Neural networks are widely used to solve image recognition problems: detecting pedestrians and vehicles for self-driving car, identifying people for security systems, identifying gestures for a videogame controller.
I wanted to learn how to use neural networks for image recognition, so I should have a quite large dataset of labeled images to train a neural network. Preparing such a dataset is not an easy job. Hopefully there are open source datasets for different purposes. Most frequently used dataset for image recognition is MNIST (Mixed National Institute of Standards and Technology database). It is a large database of labeled hand-written digits like these:
http://yann.lecun.com/exdb/mnist/
There are many different open source implementations of neural networks, to start from something simple I could use Theano with CUDA to run GPU-powered calculation, but I decided to start from something simple and reliable, so I used Java-based encog library: https://github.com/encog/encog-java-core
It allows thorough configuration of multi-layer neural network architecture and training strategy. For sure it is not fast enough as opposed to C-based implementations or GPU-powered engines, but I didn’t need the fastest implementation right now, I only tried to experiment with network architecture and training.
MNIST database is provided in binary format, so I need custom Java code to parse it into data types supported by encog.
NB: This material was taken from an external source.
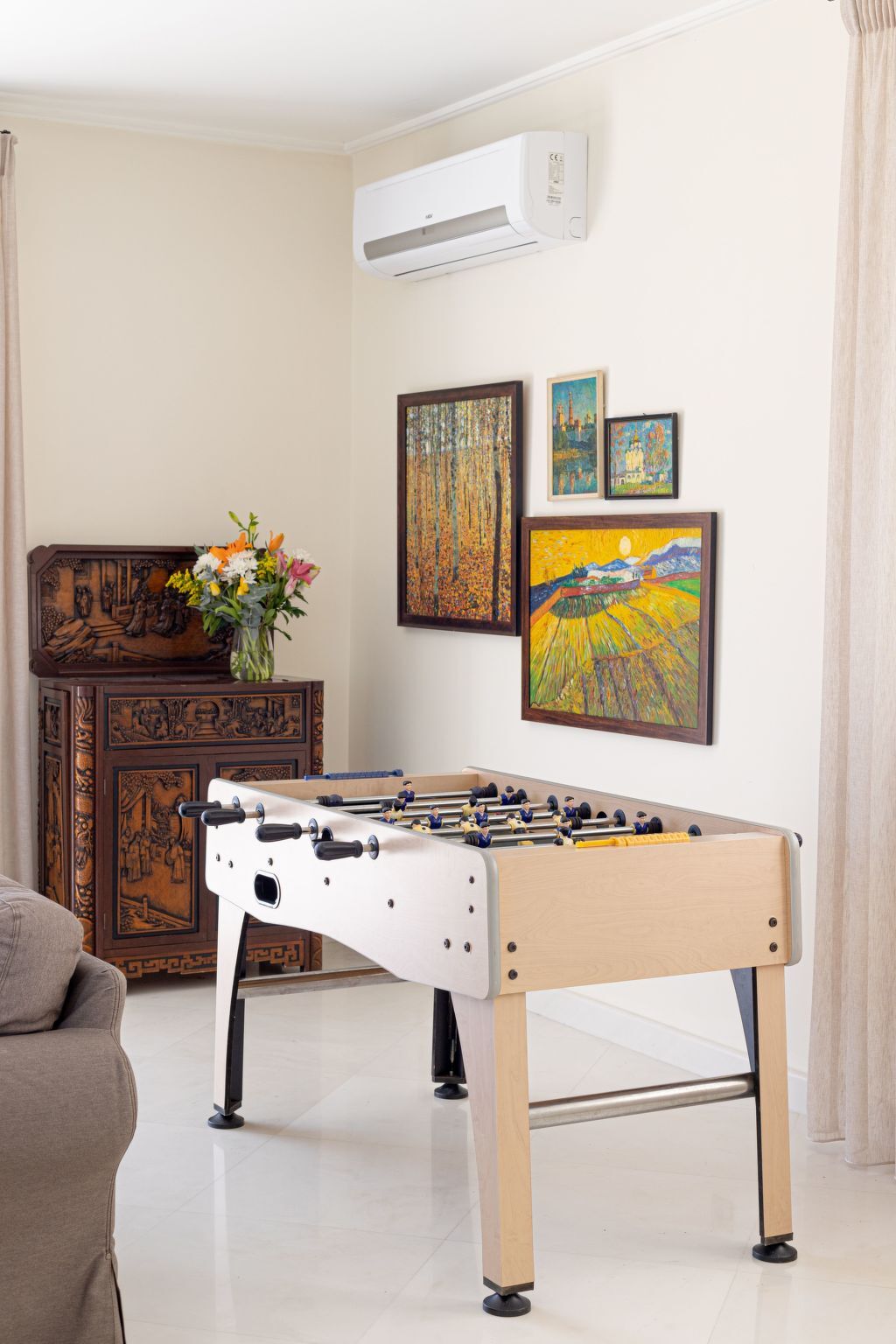 Indoors, you’ll find a sauna, billiards room, grand piano, table football, and even a wine cellar, offering something for every mood and occasion.

I found useful code for this here: https://code.google.com/p/pen-ui/source/browse/trunk/skrui/src/org/six11/skrui/charrec/MNISTReader.java?r=185 and adapted it to create MLDataSet instance.
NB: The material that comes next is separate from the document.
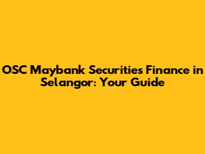 OSC Maybank Securities Finance In Selangor: Your Guide

The simplest code to train a neural network with encog:
// read datasets MLDataSet trainingSet = getDataSet( "c:\\MNIST\\train-labels.idx1-ubyte", "c:\\MNIST\\train-images.idx3-ubyte"); MLDataSet validationSet = getDataSet( "c:\\MNIST\\t10k-labels.idx1-ubyte", "c:\\MNIST\\t10k-images.idx3-ubyte"); // configure the neural network BasicNetwork network = new BasicNetwork(); int hiddenLayerNeuronsCount = 100; network.addLayer(new BasicLayer(null, true, 28*28)); network.addLayer(new BasicLayer(new ActivationElliott(), true, hiddenLayerNeuronsCount)); network.addLayer(new BasicLayer(new ActivationElliott(), false, 10)); network.getStructure().finalizeStructure(); network.reset(); // train the neural network final Propagation train = new ResilientPropagation(network, trainingSet); int epochsCount = 100; for(int epoch = 1; epoch <= epochsCount; epoch++) { train.iteration(); } train.finishTraining(); // calculate error on validation set double error = network.calculateError(validationSet); Encog.getInstance().shutdown(); |
Encog provides implementation of a few different neuron activation functions: BiPolar, BipolarSteepenedSigmoid, ClippedLinear, Competitive, Elliott, ElliottSymmetric, Gaussian, Linear, LOG, Ramp, Sigmoid, SIN, SoftMax, SteepenedSigmoid, Step, TANH.
And a range of training algorithm implementations is available as well: Backpropagation, ManhattanPropagation, QuickPropagation, ResilientPropagation, ScaledConjugateGradient.
I started from training a neural network with one hidden layer. It was hard to choose a correct activation function and training algorithm, therefore I tried all combinations of them on a neural network with one hidden layer with 100 neurons, each neural network being trained in 100 epochs. For each network MSE (mean squared error) on a test set was calculated using encog network.calculateError function.
I found that BackPropagation sucks, and that some activation function are not performing well. I tried to compare the numbers with MNIST benchmarks listed on http://yann.lecun.com/exdb/mnist/, and realized that numbers are not comparable, because I calculated MSE and they were apparently calculating error rate as a percentage of wrongly recognized images. So, I excluded a few activation functions from benchmark, and run it again. For each combination of parameters I trained 5 neural networks. Each neural network was trained with 500 epochs, then error rate on test set was calculated. Here are averages of neural network test error rate for each parameter combination:
The best result is 4.21% error rate for LOG activation function and ScaledConjugateGradient training. This result is better than a result for “2-layer NN, 300 hidden units, mean square error”, but worse than all other neural networks listed there. Not bad for the first test.
As I can see here, Backpropagation still sucks for any activation function, ResilientPropagation looks good. All other training types are good for some activation functions and bad for other. ScaledConjugateGradient, which works the best with LOG function, shows extremely bad results (80+ percent errors) for all others.
Training time in minutes:
Training time was measured on a physical machine with Intel Core i5-4440 CPU @ 3.10 GHz. Difference between the fastest and the slowest is about 4 times.
The next steps: check how neural networks with 2 hidden layers work, check how error rate depends on number of neurons in the hidden layer in neural networks with 1 hidden layer.